How to Tell if Your Writing is Improving
Sometimes you’re so enmeshed in your writing, you can’t tell if you’ve improved, gotten worse, or are treading water! Here’s a list of qualities of excellent writers, to help you measure your writing progress and objectively and honestly assess your writing progress.
First, a quip for writers from Doris Lessing:
“Advice to young writers? Always the same advice: learn to trust our own judgment, learn inner independence, learn to trust that time will sort the good from the bad - including your own bad.”
With time, you’ll get better at distinguishing between good and bad writing. It’s easier to judge other people’s bad writing (just like it’s easier to spend other people’s money!), but you’ll become skilled at recognizing not only your own poor writing, but how you’ve improved over time.
How to Tell if Your Writing is Improving
This list is from A Writer’s Book of Days: A Spirited Companion & Lively Muse for the Writing Life by Judy Reeves (her list was called “How Can I Tell If My Writing is Improving?”; this list is a slightly modified version). It’s a fabulous book about writing, and offers everything from inspirational writing quotations to writing prompts.

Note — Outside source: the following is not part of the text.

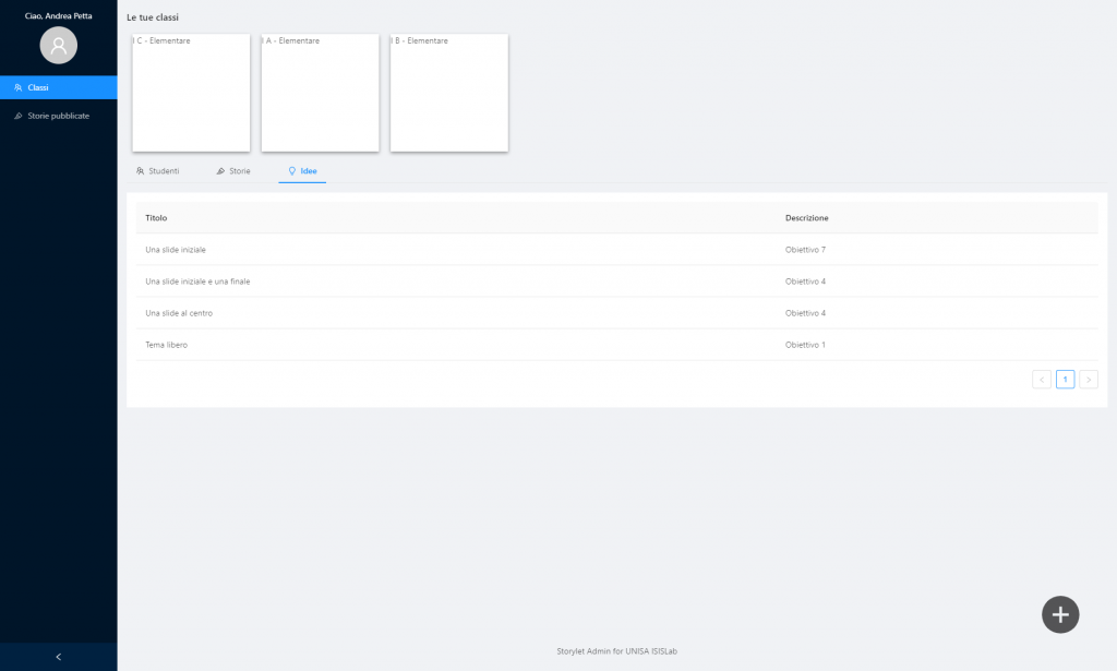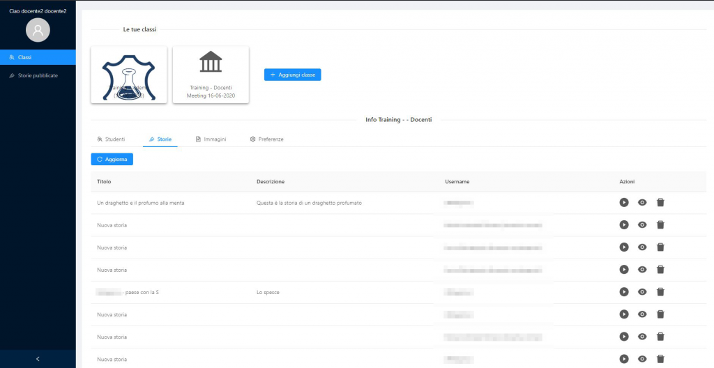 Per ogni classe creata dall’insegnante, vi sono diverse aree di lavoro private:

Your writing is improving if…
- Your verbs are lively and diverse.
- You stay with one topic long enough to explore it, rather than verging off into digressions that go nowhere or jumping from one thought to the next. You are a more patient writer.
- Your sentences vary in length and structure.
- You’ve eliminated generalities; you write in specifics (writing in specifics is one way I know my writing is improving. For instance, yesterday in an MSN Health article about food and appearance, I deleted the word food and inserted “apples, avocados, and almond milk”).
- You don’t overwrite, nor are you stingy with words.
- You write more naturally, with less self-consciousness (this is a great writing tip).
- You easily fall into writing about the topic and begin writing without hesitation; you don’t stop to think or consider, you just keep the pen moving (but, I think I’m improving as a writer and yet I often stop to think about what I’m writing).
- Instead of putting a period at the end of a sentence, you put a comma and take the thought further (caveat: run-on sentences aren’t a quality of an excellent writer!).
- You write in the active voice (another great writing tip, which I’m sure you’ve heard before).
- You save the strongest word for the last in the sentence (can someone explain this to me? I’m not sure I understand how this makes you an improved writer).
- You take more risks.
- You include “delicious” details.
- You don’t rush through to get to the end, but take your time, lingering and savoring. Letting the tension build. (but, don’t let your writing drag on and on….wordiness definitely means your writing isn’t improving).
- You’re willing to experiment, to try out, to go to unknown places in your writing (similar to taking writing risks).
Reeves ends her list - “How Can I Tell If My Writing is Improving?” - in A Writer’s Book of Days with this: “As for that idea that ‘practice makes perfect,’ it’s a lie. There is no perfect, only better and sometimes very, very good.”
Fellow scribes, strive not to be perfect, not to be a bestselling author, and not to be a famous poet. Strive to be very, very good…and you’ll get better and better as a writer.